Alatnya buyung terus di atasnya dibunyikan menggunakan kipas kipas terbuat dari anyaman bambu, trus suaranya pak
pak bung pak pak bung
Buyung merupakan alat musik yang terbuat dari bahan tembikar atau gerabah. Cara memainkan alat musik buyung adalah dipukul
menggunakan kipas di bagian lubang atas buyung. Bumbung merupakan
alat musik yang terbuat dari bambu yang disusun menurut tangga nada dari bunyi yang dihasilkan, bunyi dari bambu menggunakan tangga nada
pentatonis slendro dan pelog. Bumbung dimainkan dengan cara dipukul menggunakan alat pemukul khusus bumbung.

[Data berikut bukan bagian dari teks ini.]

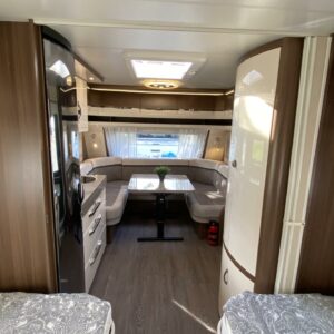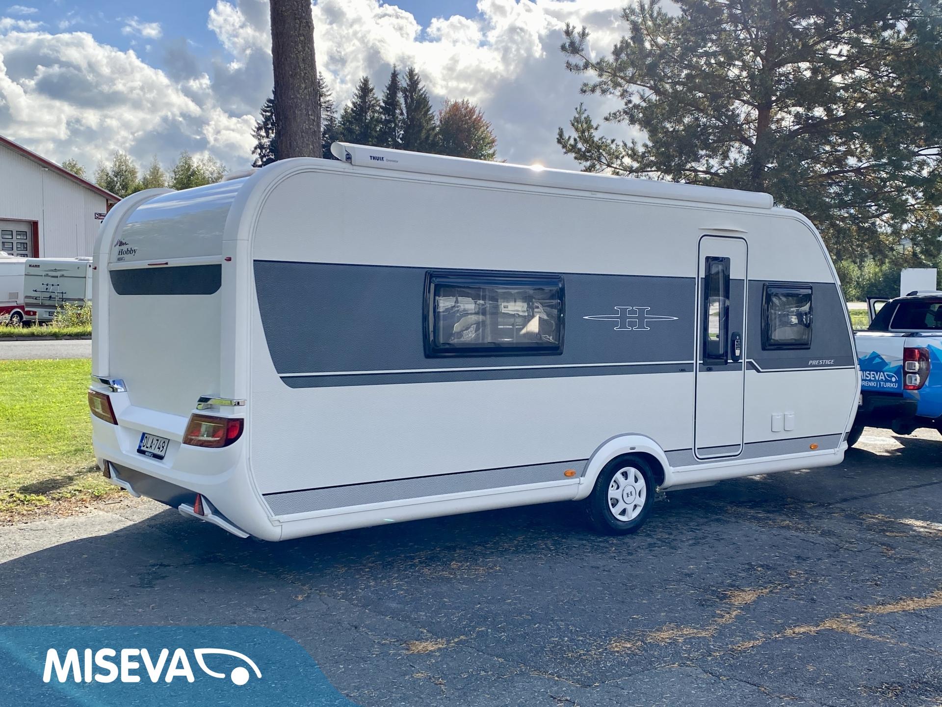 Mahtavan hieno Hobby mahtavasti varusteltuna. Tästä löytyy melkein kaikki mitä nyt yleisimpiä varusteita matkailuvaunuissa tahtoo esiintyä. Pohjaratkaisuna markkinoiden halutuin erillisvuodemalli. Vaunun takaosasta löytyy koko vaunun levyinen WC/kylpyhuoneosasto missä suihku on omana erillisenä tilanaan. Makuuhuoneessa on pitkittäiset erillisvuoteet ja vuoteiden alle jää säilytystiloja. Makuuosasto saadaan ”rauhoitettua” omaksi tilakseen haitarioven avulla. Etuosaa hallitsee ”tupakeittiö”, eli U-ryhmä, sekä keittiö normaalilla matkailuvaunun keittiövarustuksella. Keittiöstä löytyy mm. reilun kokoinen jääkaappi. Lämmintä tupaan tarjoilee Alden nestekeskuslämmitys ja Aldelle tyypilliseen tapaan kattilasta löytyy vastukset ja lämminvesiboileri. Ja kaiken herkkuna talvella lattia on mukavan lämmin sähköisen lattianlämmityksen ansiosta. Kesähelteillä sisätilat saadaan viilennettyä sopivaan lämpötilaan kattoilmastoinnin avulla ja tämä on mahtava varuste etenkin jos on lemmikkejä mukana. Vaunua on helppo siirrellä Mover vaununsiirtolaitten avulla. Hieno on niin päältä kun sisältäkin, ei juuriikaan sanomisen paikkaa löydy. Tule, tutustu ja ihastu. Tiedä vaikka tarttuisi mukaan matkaan?
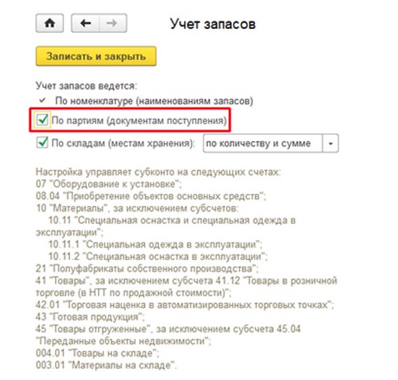 Откроется окно «Учет запасов». В нем нужно найти флажок, которым отключают или включают учет по партиям. После внесения изменений в настройки программа удаляет или устанавливает субконто «Партии» для бухгалтерских счетов ТМЦ. И в форме настроек плана счетов, и непосредственно в плане счетов появится информация о внесенных изменениях.

Kesenian Sintren adalah pertunjukan yang memperlihatkan unsur magis, dimana si penari menari dalam keadaan tidak sadarkan diri
trance dimasuki roh atas panggilan pawang atau kemlandang. Dari penuturan
sejumlah pelaku
kesenian ini,
pertunjukan Sintren
dipertunjukan pada musim kemarau untuk meminta hujan. Hasil wawancara dengan Bapak Soegeng Rianto 52 Tahun, 14 Juni 2016,
“Kesenian Sintren ini juga memiliki kegunaan yang bersifat religius karena dulunya Sintren ini digunakan untuk upacara
ritual pemanggilan hujan, dan sedekah bumi yang merupakan ungkapan doa dan rasa syukur masyarakat kepada Sang
Pencipta alam ini
”. Hal serupa juga dikemukakan oleh Bapak Suwatno hasil wawancara 42
Tahun, 18 Mei 2016, “ya itu, ritual untuk minta menyingkirkan hujan. Ketika orang
hajatan itu ketika mendung, itu bisa digunakan untuk menyingkirkan hujan
”. Sedangkan pendapat lain mengemukakan bahwa Sintren dipertunjukkan
untuk tempat mencari jodoh, mencari jodoh dilekatkan karena ada hubungannya dengan alur cerita kesenian Sintren yang mengkisahkan
kisah cinta antara Sulandana dengan Sulasih. Diceritakan bahwa Sulandana yang merupakan putra dari Bahurekso Joko Bahu dengan
Dewi Rantamsari memadu asmara dengan Sulasih. Hal serupa juga
dikemukakan oleh narasumber Bapak Soegeng Rianto 52 Tahun, 14 juni 2016,
“iya karena Sulasih rakyat jelata, raden Sulandhana adalah turunan ningrat perkawinan Ki Bahureksa dengan Dewi
Rantamsari, Ki Bahurekso tidak mensetujui karena Sulasih adalah seorang rakyat jelata. Tapi Dewi Rantamsari justru
mensetujui, jadi dimasukanlah pengasihan Dewi Rantamsari Kepada Sulasih. Kemudian Sulandono pergi bertapa dan
Sulasih memilih pergi menjadi seorang penari. Sampai kapanpun Si Sulandono dan Sulasih tidak bisa bertemu di alam
nyata, hanya bisa ketemu di alam gaib. Itu sejarah, Sulasih itu
dari desa Kali Salak”.
Dengan demikian dapat disimpulkan bahwa kesenian Sintren merupakan suatu kesenian tradisional berbentuk seni pertunjukan yang
menampilkan pertunjukan iringan musik gamelan dan tari, kemudian dikemas dengan gambaran alur cerita kisah cinta antara Sulandana dan
Sulasih. Pertunjukan kesenian Sintren sekarang ini banyak mengalami perubahan dan mengikuti selera jaman, perubahan tersebut terlihat dari
beberapa alat musiknya. Kesenian Sintren kini telah mengikuti perkembangan jaman, saat ini alat musik iringan yang digunakan tidak
semuanya tradisional, masuknya sentuhan beberapa alat musik gamelan seperti kempul, kempyang, ketuk, kecrek, kendhang, seruling, gong dan
alat musik modern yang digunakan seperti gitar elektrik.